Однако Анна Сергеевна ничего не сказала. Андрей Вениаминович сразу увидел все — и ее заплаканное лицо, и чемодан, и беспорядок в неподметенной комнате.
— Аня, что ты наделала! — хрипло крикнул он.
Вечером они сидели, обнявшись; за окном по-прежнему выл ветер, снег лип к стеклам.
— Нужно принимать большие решения завтра же, нет — сегодня, — говорил Андрей Вениаминович, искоса поглядывая на темневший в углу чемодан.
И они решили снять с Анны Сергеевны ярмо кухонных забот, проще говоря — нанять кухарку.
Произошло странное совпадение — оно насмешило Андрея Вениаминовича и обрадовало Анну Сергеевну.
Утром они получили письмо от тетки Андрея Вениаминовича. Тетка писала, что теперь, когда Вера закончила медицинский и уезжает на село, а Коля женился, ей незачем дальше жить в Киеве, она продает мебель и переезжает к Соне в Ленинград. И вот тетя спрашивает, не купит ли у нее Андрюша шкаф, отделанный редким деревом — птичий глаз. Кроме того, тетя сообщала, что рассчитывает кухарку — женщину кристальной честности. «Очень жалко отпускать из нашей семьи такого человека», — писала она.

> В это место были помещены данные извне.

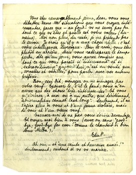 Bon; ceci dit, ménagez ou ne ménagez pas votre veuf. Epousez-le, s'il le faut; vous n'en aurez que des choses ‘très-intéressantes’. Et vous m'écrirez, à moi ou à un autre, que décidément, ‘abnormalities cannot last long’. Seulement, il ne s'agira plus de vous et d'une jeune écolière, mais de vous et d'un vieux veuf.

Анна Сергеевна прежде всего пошла на почту. Ей было хорошо: весна, новая жизнь, молодость — все улыбалось ей, и она тоже улыбалась жизни и весне.
— Ну вот, — сказал Андрей Вениаминович, — эту женщину нужно выписать. Пятьдесят рублей на дорогу окупятся в первые два-три месяца. Не нужно только ее развращать бесконтрольностью.
Андрей Вениаминович составил телеграмму тете и уехал на завод. Анна Сергеевна, убрав комнату, отправилась за покупками — ей хотелось в эти последние дни особенно вкусно кормить мужа.
Анна Сергеевна должна была перейти улицу и выбирала, озираясь, удобное место.
— Разрешите, я помогу переправе, — сказал молодой военный.
Она хотела рассердиться, но военный сделал смешное лицо и взял ее за руку.
— Клянусь вам, я не нахал, я рыцарь.
Придя на почту, Анна Сергеевна перечла телеграмму и там, где было написано «Привет Андрей», вписала: «Крепко целуем дорогую Аня Андрей».
— Четыре сорок, — сердито сказала девица. Анна Сергеевна потянулась к сумочке и обмерла: сумочка исчезла — сумочка с деньгами, с красивой пудреницей, на которой палехский мастер нарисовал извлечение русалки из воды! Сумочки не было ни на левой, ни на правой руке, ее не было под мышкой…
Анна Сергеевна подумала, что ее обокрал военный. Она взмахнула в отчаянии руками, и в плетеной кошелке что-то прыгнуло, как живая рыба. Да, переправляясь через ручей, она положила сумку в кошелку. И ей снова стало весело и легко.
II
В купе, кроме Марьи Шевчук, ехали две старушки и толстая женщина с ярко накрашенным ртом, а из мужчин — моряк и небритый молодой человек в серых брюках. Этот небритый был подозрителен Марье, и каждый раз, глядя на его потрепанные летние брюки, она трогала ногой стоявший под лавкой сундучок.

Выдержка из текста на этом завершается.